Is Impact Force Equal to G-Force in Newtons?

[ClapClap]

Hi, I am dropping an object of mass m at different heights on another body. From the accelerometer I have I can get the g-force and then convert it into Newtons. What I am wondering, is the force converted into Newtons equal to the impact force the mass exerts on the body?

 

[Svein]

What I am wondering, is the force converted into Newtons equal to the impact force the mass exerts on the body?

Possibly. Use the momentum equations.

 

[ClapClap]

How can I use them?
This is the graph of the Force in Netwons my sensor recorded. I m struggling to identify where the physical impact between the two bodies begins and whwat force the maximum indentation corresponds to

 

[nasu]

Hi, I am dropping an object of mass m at different heights on another body. From the accelerometer I have I can get the g-force and then convert it into Newtons. What I am wondering, is the force converted into Newtons equal to the impact force the mass exerts on the body?

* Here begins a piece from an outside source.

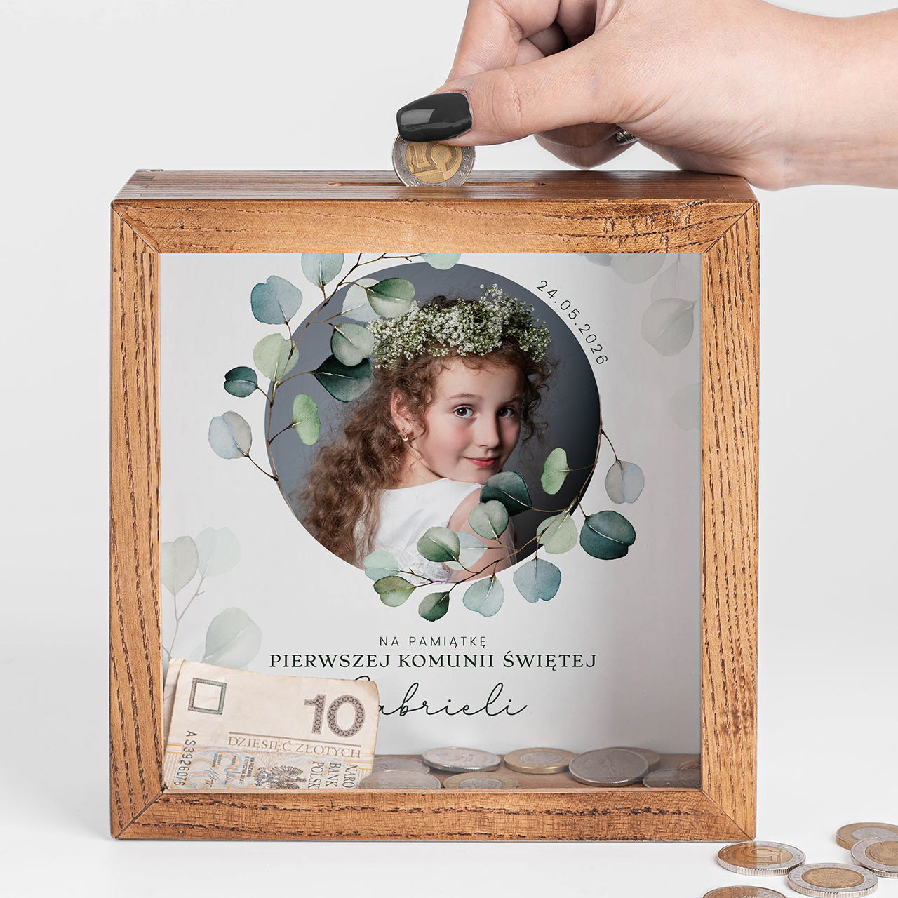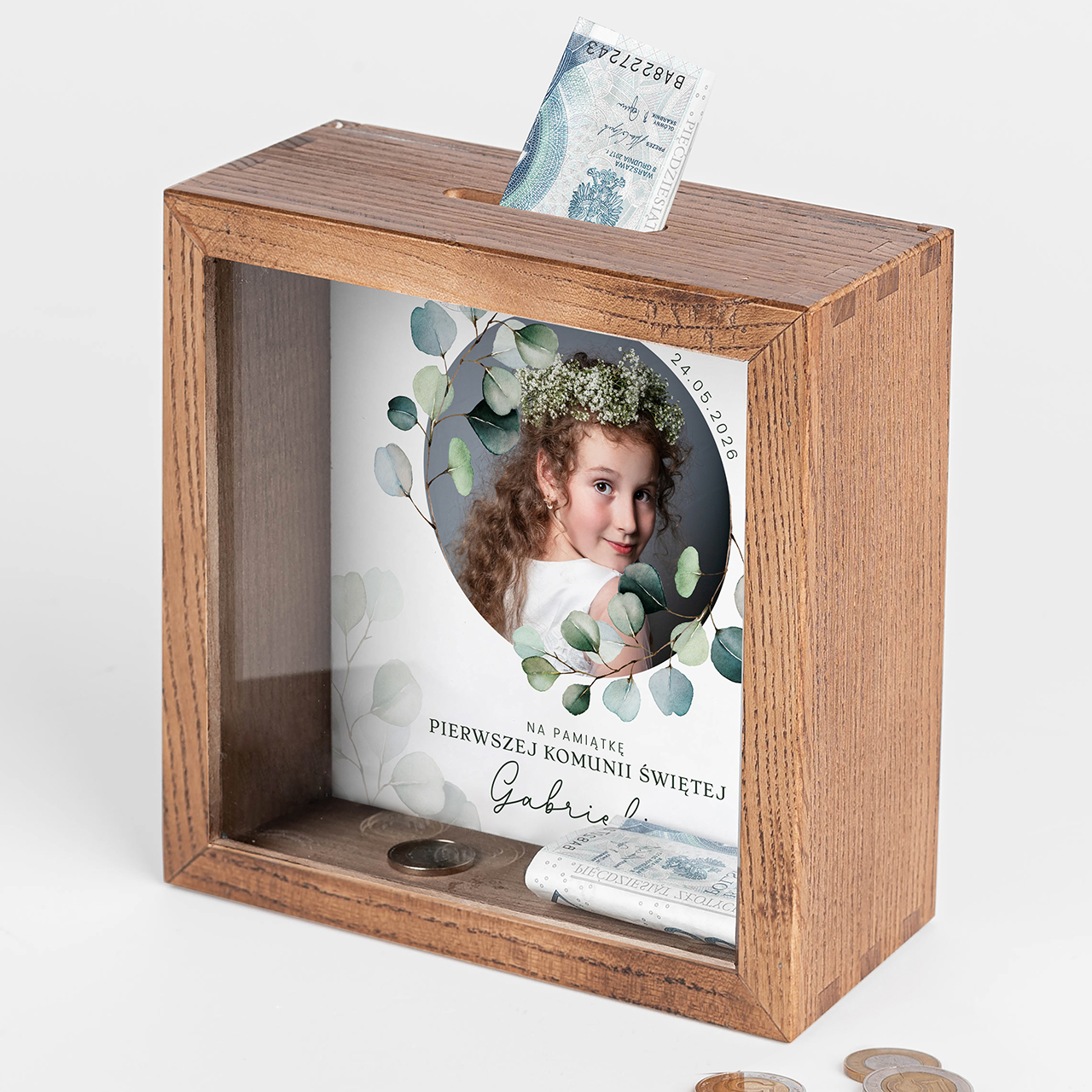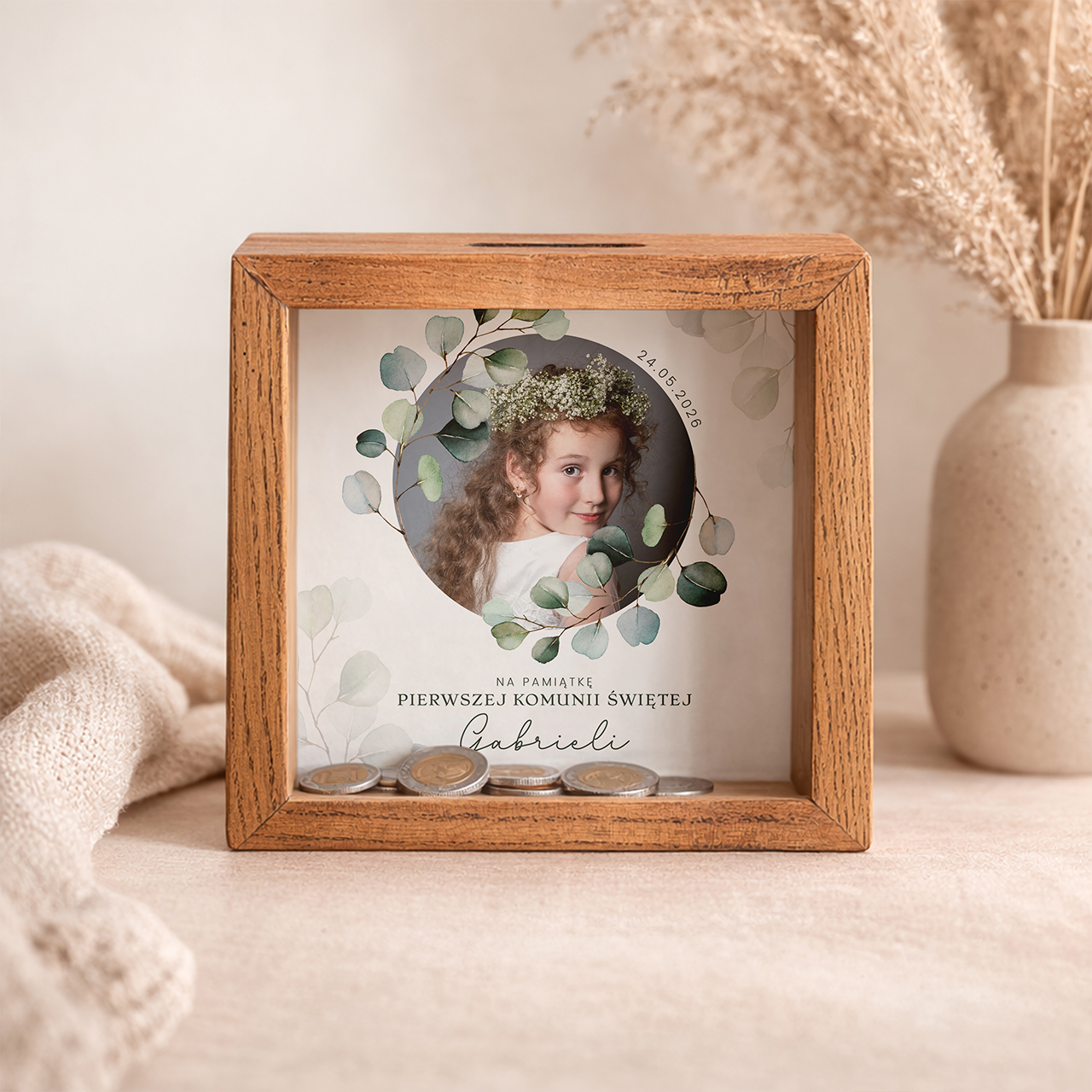 Pierwsza Komunia Święta to wyjątkowa chwila, która zasługuje na piękną i trwałą pamiątkę. Drewniana skarbonka z personalizacją i miejscem na zdjęcie to połączenie elegancji oraz praktyczności. Subtelny motyw roślinny i staranne wykonanie sprawiają, że produkt doskonale wpisuje się w charakter uroczystości. Skarbonka na komunię PREZENT OD CHRZESTNEJ to nie tylko upominek, ale także symbol troski i wsparcia na przyszłość.

How do you "convert" it into Newtons?

 

[ClapClap]

F (N) = m x F (g) x g

F (N) = force in Newtons
m = mass dropped
F (g) = G-force
g = 9.81

 

[nasu]

So the accelerometer measures the acceleration of the falling body, right? Is the accelerometer attached to the falling body? Or to the other body?

 

[ClapClap]

Yes, exactly. It is attached to the falling body

 

[nasu]

So the first portion (the ramp before the first peak) corresponds to the fall time? I would think that the first peak may be the first collision between the two objects and then probably there are several "bouncings". Unless your second body have some structure, with a less rigid layer on top and a stiff core.

 

[ClapClap]

Yes, I would assume that the first part corresponds to the body falling.
Does the collision occur at at measurement point 27? I would think that the peak of the graph corresponds to the maximum indentation after which the body raises again.
Yes, there was bouncing involved.

 

[nasu]

But why would the acceleration decrease during falling? Was air resistance significant?
Yes, if the process is elastic the maximum acceleration will correspond to maximum displacement.
It's an interesting experiment.

 

[ClapClap]

That's what I can't understand. Then all of a sudden the acceleration peaks again at almost 2g.
Is the f-force in Newton equal to the impact force?
I am doing this for dissertation and I am so confused with the results!

 

[nasu]

If you multiply the mass of the body by its acceleration you get the force on the body. I am not sure if the acceleration measured by the accelerometer includes the affect of gravity or just of the other forces. What are the units on the vertical axis? Acceleration in units of g?

 

[ClapClap]

The graph shows the force in Newtons so the units of the vertical axis is Newtons

 

[ClapClap]

So say I am dropping the same mass on bodies of different materials. The impact force on the body impacted would always be the same right?

 

[nasu]

No, not at all.

 

[ClapClap]

Im confused then. If the force is mass times acceleration and the mass is always the same, and so its the acceleration of gravity, then impact force should be constant too?

 

[nasu]

The impact force is not given by the acceleration of gravity but by the acceleration due to the elastic (and other) forces acting during collision.
This force (which is a function of time, not a constant) depends on the material properties of the two bodies.

 

[ClapClap]

I see.
Anyway, getting back to the original problem. So the g-force converted in Newtons is simply the force exerted by the mass on the impacted body. Now, by looking at the results, how can I define at what force the impact occurs? Is the peak the maximum indentation?
By defining this and relating it to the impact duration I was going to create an acceleration vs time curve. Integrating this would give a velocity vs time curve and integrating it once again a displacement vs time. This way I'd be able to identify the maximum indentation of the mass in the body. Does this make sense?

 

[nasu]

But you already have an acceleration versus time graph. Why would you go through all this transformation then?
What you call "g-force" is not a force but an acceleration. The accelerometer measures acceleration. Assuming that the accelerometer is properly calibrated, of course.
You don't "convert it to Newtons", you use it to calculate the force producing this acceleration.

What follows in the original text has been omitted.